So Nielsen came out with a study last week that says the percentage of homes with a TV declined for the first time in 20 years. They gave some possible reasons, ranging from the DTV transition to the economy to the contestants on ‘American Idol' being pretty boring this season since Pia Toscana wuz robbed.
But the other thing they mentioned was “Cord-Cutters,” which are people who had a TV service and got rid of it. That of course should not be confused with “Cord-Nevers”—young people who never buy a TV service in the first place. Nor should it be confused with “Chord Overstreet,” which is what young people drool over when they should be reading a damn book and not growing up stupid.
I understand the Cord-Never thing; kids growing up now just don’t see the TV as the primary source of electronic entertainment the way many of us did growing up. TV is like an overpriced drug that we as an industry need to hook them on as kids. We should probably call on Big Tobacco for some pointers.
But the Cord-Cutter trend is tougher to define. Granted, the economy stinks (c’mon, you really see signs of a recovery anywhere but on Wall Street?), so that plays a big part. There are more ways to cobble together a video entertainment package through connected TVs, or outright online. And social media takes up a lot of the time we once spent plopped on the couch watching old John Hughes movies and thinking about that girl we never had the guts to ask out. Wow, did I just say that out loud? How’s that midlife crisis treating you there, Grossman?
Whatever the reasoning, I can’t imagine falling into Camp Cord-Cutter. I want to sit on my couch, press one button, and have my big-ass TV kick out 37,000 channels of mostly unwatchable crap in beautiful HD. While my wife brings me my dinner and my kids shine my shoes. And I want to be 6’4”, thin and have hair— which has a better chance of happening than the thing with the wife and kids.
Anyway, a few weeks ago I was talking to one of my best friends from back in beautiful Minneapolis, a guy I grew up with, have gotten into plenty of trouble with, and with whom I share a lot in common. He has a wife and two kids, works for a successful media company, likes sports and has questionable taste in several respects.
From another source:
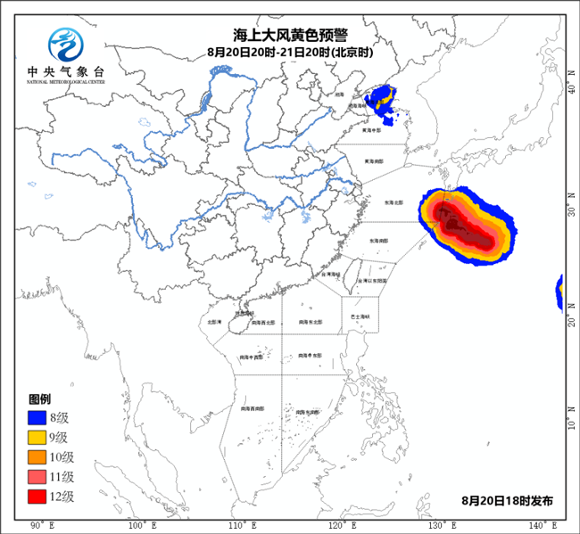 另外,受“溫比亞”變性為溫帶氣旋的影響,20日白天至夜間,渤海、渤海海峽、黃海北部海域、黃海中部偏西海域?qū)⒂?~10級(jí)、陣風(fēng)11~12級(jí)的大風(fēng),黃海中部偏東海域?qū)⒂?級(jí)、陣風(fēng)9~10級(jí)的偏南風(fēng)。

So I was shocked when he casually mentioned to me that he was dumping his cable service. Yes, one of my best friends had just come out…as a cord-cutter. I felt like one of those people who grew up next door to a serial killer and has to do one of those, “I had no idea, he seemed like such a normal kid” interviews after the fact.
But the bottom line is, it happens. For real. My friend has a good gig, but he also has a wife and two kids and plenty of bills and was sick of paying for a ton of channels he never watched. He says he was running out of new shows he liked; for instance, he’s an ad exec who says he never knows when Mad Men is actually coming back every year (I didn’t have the heart to tell him…). He told me if there was a la carte, sign him back up, but not for cable in its current form.
He said canceling was interesting. First they tried to give him more for the same price, then they tried to keep him subscribed to a cheaper package, and then when they realized he was actually serious about canceling, they treated him like he was crazy.
But he kept a high-speed Internet subscription only (which he may abandon for free Wi-Fi provided by the city), then went out and grabbed a Roku box, a DTV antenna and subscriptions to Hulu Plus and Netflix. And suddenly, he was on the other side of the statistics chart.
He misses seeing programs like The Daily Show day and date, and would like to see more baseball, though the Minnesota Twins being awful has helped. He says not being able to watch Monday Night Football will be odd, and is wrestling with whether he would watch an illegal stream of it, knowing full well (as he puts it) that it will be from some guy in the Ukraine holding a flip camera in front of his TV.
So he’ll see how it goes. He says the test will be in the middle of the winter in frigid Minnesota. He figures if he and the wife are still talking in the aftermath of not having cable, the experiment went OK.
I wish him luck, but can’t see joining him anytime soon. I have a fancy TV that can get Netflix and all that stuff directly into it. I have a nice iPad that gets more and more programming every day. I suppose I could buy any TV-related toy on the market and expense it or write it off on Uncle Sam.
But call me old-fashioned, or just old: that just ain’t happening. My definition right now of “TV Everywhere” is turning up the game loud enough to hear it when I go to the bathroom or to get a beer from the fridge. So as for cord-cutting altogether, count me out.